How is it possible that ATSDR has operated like this for so long? Some answers come from a symposium hosted by ATSDR in 2012 on the Future of Science at ATSDR2:

“In conducting its core work of assessing health risks at contaminated sites, ATSDR has faced a large workload with limited authority and resources to collect needed data. Moreover, concerned communities have voiced legitimate public health questions that ATSDR could not answer fully with existing scientific tools and knowledge.

This meeting documented many scientific limitations and challenges facing the agency. ATSDR’s Board of Scientific Counselors hired a consultant who reviewed the agency’s scientific work and came to these conclusions and observations:

  • An alarming gap persists between public expectations and the limited tools available to scientists to assess the public health effects of hazardous waste sites and uncontrolled releases. This gap is due, in part, to the inherently complex and uncertain relationship between diseases and chemicals emanating from hazardous waste sites and uncontrolled releases. Many substances commonly found at hazardous waste sites and in uncontrolled releases may also emanate from other sources and are routinely detected at low levels in air, water, food, consumer products, or other media. No field-based methods are readily available for measuring the portion of a particular ambient exposure or internal dose that is attributable to a specific hazardous waste site or uncontrolled release.
  • In the absence of scientific methods for assessing the unique contribution of releases from hazardous waste sites and uncontrolled exposures to disease, ATSDR scientists rely upon surrogate methods and designs (e.g., comparing exposures to disease rates in communities with a hazardous waste site with “background” levels). Such approaches, although squarely within the mainstream of environmental science, typically are not robust enough to detect adverse health effects caused by site-specific exposures to toxic chemicals.
  • EPA and ATSDR scientists calculate theoretical risk estimates based on a host of assumptions about contaminant concentrations, exposure duration, characteristics of the exposed population, acute and long-term health risks and other factors.
  • ATSDR relies predominately on environmental data collected by other agencies (primarily EPA and state agencies) for its health assessments. Such data often are not adequate or appropriate for addressing specific questions about current exposures and pathways.

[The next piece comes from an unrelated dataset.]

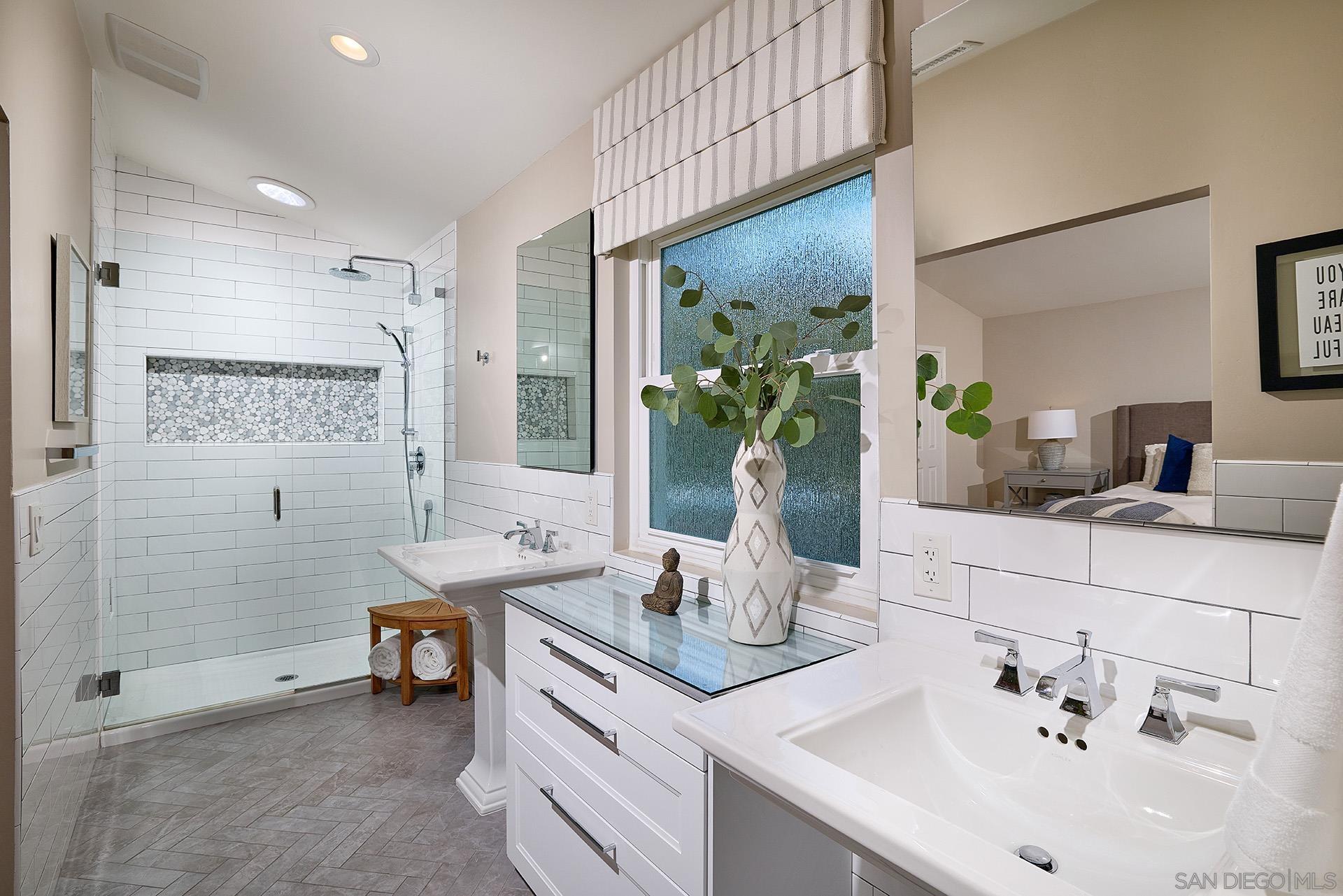 The vibe: Secret Garden. Uncover a parklike backyard on over a third of an acre at this peaceful 3BR, 3BA retreat w/ fresh, modern ambiance. Neatly tucked onto a cul-de-sac, the house is updated w/European white oak floors & Quartzite countertops. The serene landscape punctuates interiors w/greenery & light while the floor plan opens onto a patio & fireplace. Kick back. Entertain. Upstairs, the primary suite has a cedar walk-in closet. Easy access to beaches, Leucadia, Fox Point & hiking trails.Interested in this Listing?

Without good tools to evaluate the impact of chemical exposures on people, ATSDR, EPA and other government agencies will continue to struggle to address pollution and contamination in communities. It’s time to recognize and to acknowledge that scientists know very little about how exposures to toxic chemicals, especially to low level mixtures, lead to adverse health outcomes.

Instead of trying to link cause and effect (the agencies default approach), which is virtually impossible to achieve because of the inherently complex and uncertain relationship between disease and chemical exposure and the limited tools to evaluate health effects, isn’t it time to consider whether there’s enough information and evidence about exposure and adverse health problems in a community to take action to protect people exposed to toxic chemicals?

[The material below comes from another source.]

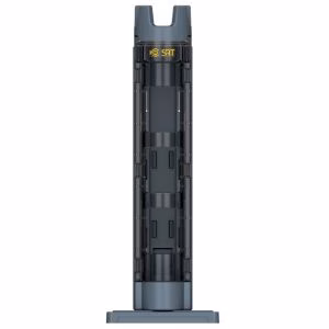 Questo supporto si aggancia alla scatola tramite un innesto rapido estremamente comodo e funzionale, che permette di spostarlo rapidamente da una posizione all'altra a seconda delle necessità del pescatore. Il Sert SRT-3077 è completamente regolabile in altezza, caratteristica che gli consente di accogliere qualsiasi tipo di canna, dalle ultra-light da trout area a modelli più ingombranti.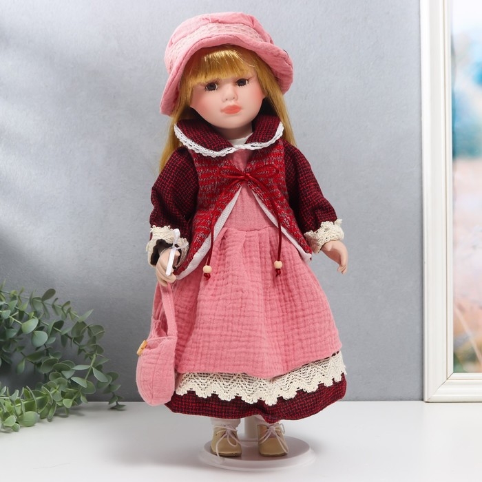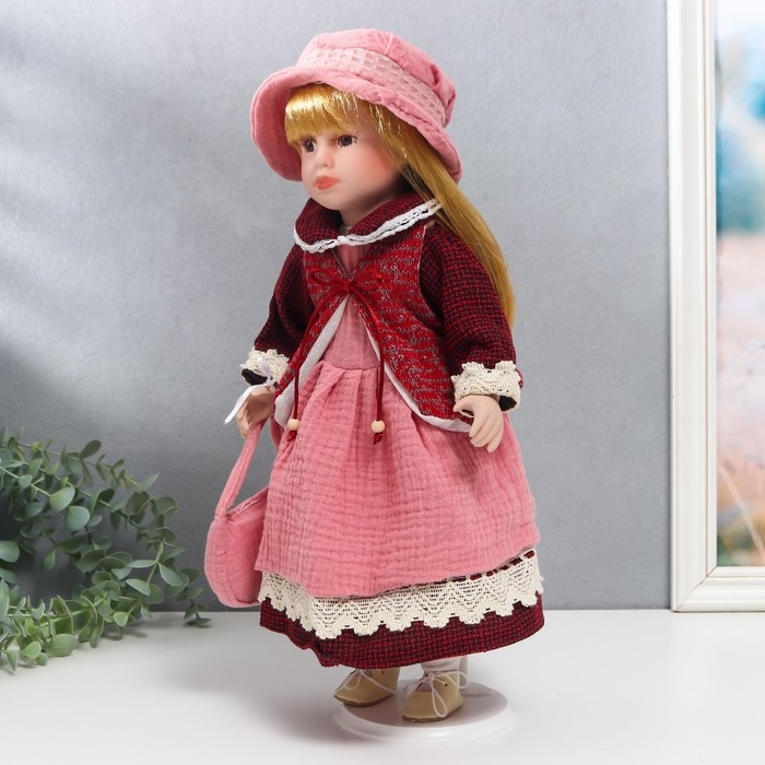Кукла коллекционная керамика "Нина в розовом платье и бордовом жакете" 40 см

Until there is a change in how government approaches health problems in a community, you can expect ATSDR to continue to investigate health problems in communities using the same approach that’s reflected in the Reuters article.


(1)  – CHEJ, Assessing Health Problems in Communities, S, Lester, Updated Jan 2010; CHEJ,  ATSDR: Don’t Ask… Don’t tell… Don’t Pursue, S. Lester, 1994 (available from CHEJ).

(2) ATSDR: The Basics, The Future of Science at ATSDR: A Symposium, Atlanta, GA, April 11-12, 2012 (available from CHEJ).